But the big question is, what are we working for? Work has even cornered happiness, so it can't be for that!

Russell echoes Adam Smith in the parable of the pin makers, and Thorstein Veblen's Theory of the Leisure Class (which I am reading at the moment), and of course Karl Marx in opposition to Max Weber and the Protestant work ethic. I lived under this cloud in Queensland.

Then I left conservative Queensland in the late 1990s and moved to Canberra. It was a worker's paradise. No longer was my work based on presenteeism, or simply being at work, but on what I produced and the outcomes I achieved. I love Canberra for giving me the opportunity to escape the conservative stranglehold I had felt since birth.

Recently, however, I have questioned how far this might go, and how we might achieve our own ends only at the expense of others. Clearly, much of the issues Russell mentions is class-related. Yes, Australia has a class system, but unlike the United Kingdom, Australia vehemently pretends that it doesn't have a class system. But there are different global tiers of classes, too.

When I first learnt of Tim Ferriss' 4-Hour Workweek, I read critiques of his ideas about outsourcing mundane tasks to poorly paid workers in the developing world. This is indeed a conundrum.  If you are certain that not giving someone in the developing world a job is a good way to reduce global poverty, then fill your boots. Nonetheless, Ferriss' ideas are not necessarily about using other people to achieve our aims in a heartless manner.

The message I hear in Ferriss' work, class issues and the internationale aside, is that we do not need to work so much. There is actually no need for it.

Think of meetings. When I served as an army officer, orders groups (O groups) served an important purpose, and good operators could get important messages through the chain of command quickly, covering all bases.

These days, contemporary organisations see meetings as work. People spend all day in meetings, meetings which take up at least and most often more time than allocated, and then the attendees forget to pass on any of the decisions to the people who actually do the work. Yet those attending the meetings derive some absurd feeling of status and prowess that makes it feel like work.
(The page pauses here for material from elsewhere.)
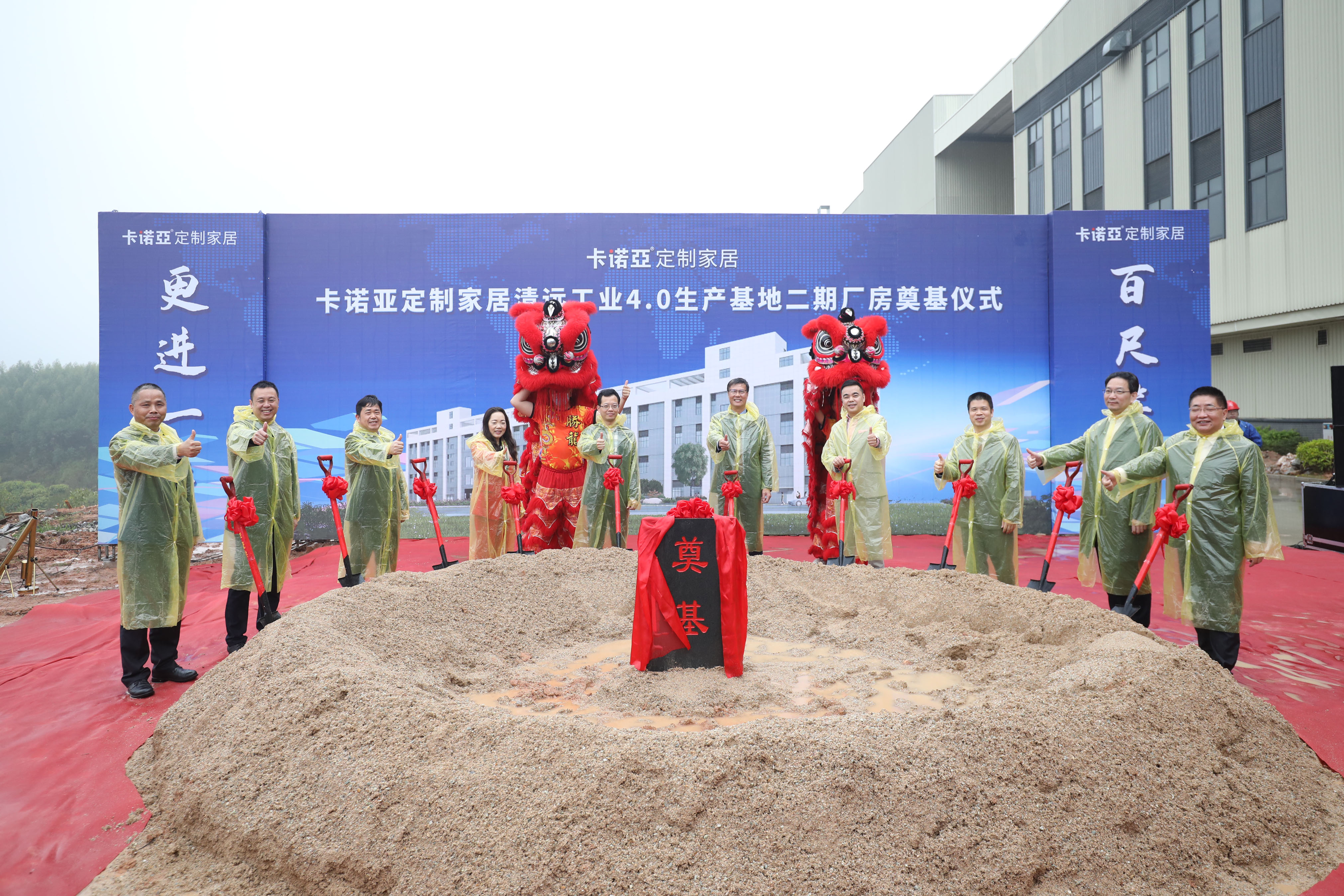 3月6日上午,以“百尺竿頭,更進(jìn)一步”為主題的卡諾亞定制家居清遠(yuǎn)工業(yè)4.0生產(chǎn)基地二期廠房奠基儀式,在清遠(yuǎn)市清城區(qū)源潭鎮(zhèn)峽山工業(yè)園隆重舉行。卡諾亞定制家居董事長(zhǎng)兼總裁程國(guó)標(biāo)先生、執(zhí)行董事吳紹華女士、副總裁兼生產(chǎn)中心總經(jīng)理葉喜都先生、副總裁兼營(yíng)銷(xiāo)中心總經(jīng)理賴永精先生、工程公司總經(jīng)理葉建中先生、董事會(huì)秘書(shū)萬(wàn)成文先生等公司“董高監(jiān)”人員,以及當(dāng)?shù)卣I(lǐng)導(dǎo)、行業(yè)協(xié)會(huì)領(lǐng)導(dǎo)、客戶代表、供應(yīng)商代表、中介機(jī)構(gòu)代表、媒體朋友等嘉賓參加了儀式。

Don't get me wrong, meetings are a necessary evil, but there is a reason I ask people the question "How many meetings did you achieve today?"
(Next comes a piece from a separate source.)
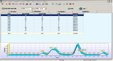 | 按時間統(tǒng)計 | 按照時間對來電以及計費(fèi)點(diǎn)進(jìn)行統(tǒng)計,并寫從下端的立體折線圖中看到所選的日期內(nèi)各個時間段的呼叫分布數(shù)。 |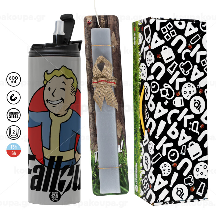 Fallout Vault Boy, Easter candle with Grey Tumbler Thermo 600ml & aromatic flat candle (30cm) (GREY)

I'd often thought it was a lack of discipline in conducting O groups, but it seems it is more a case of the conundrum of finding things to do with our time that we can classify as work. The coal face is a lonely space these days. There used to be kids and everyone down there.

Children working in coal mines in Pennsylvania. Photograph: Janet Lindenmuth CC BY-SA 2.0
If you live the unexamined life, then work is more important than leisure. As Gary Gutting says:
The point is that engaging in such activities — and sharing them with others — is what makes a good life. Leisure, not work, should be our primary goal.
If you are doing life the wrong way around, it hasn't necessarily been your fault. But once you have read In Praise of Idleness, from then on it is your fault.

Bertrand Russell's essay is an important reminder of how far we have come, without really going anywhere. The trick for most workers is to fight fake consciousness and fake work with fake busy-ness. At least until the Great Leap Forward comes along. But good luck with that - you'd be better off just doing nothing. Dolce far Niente!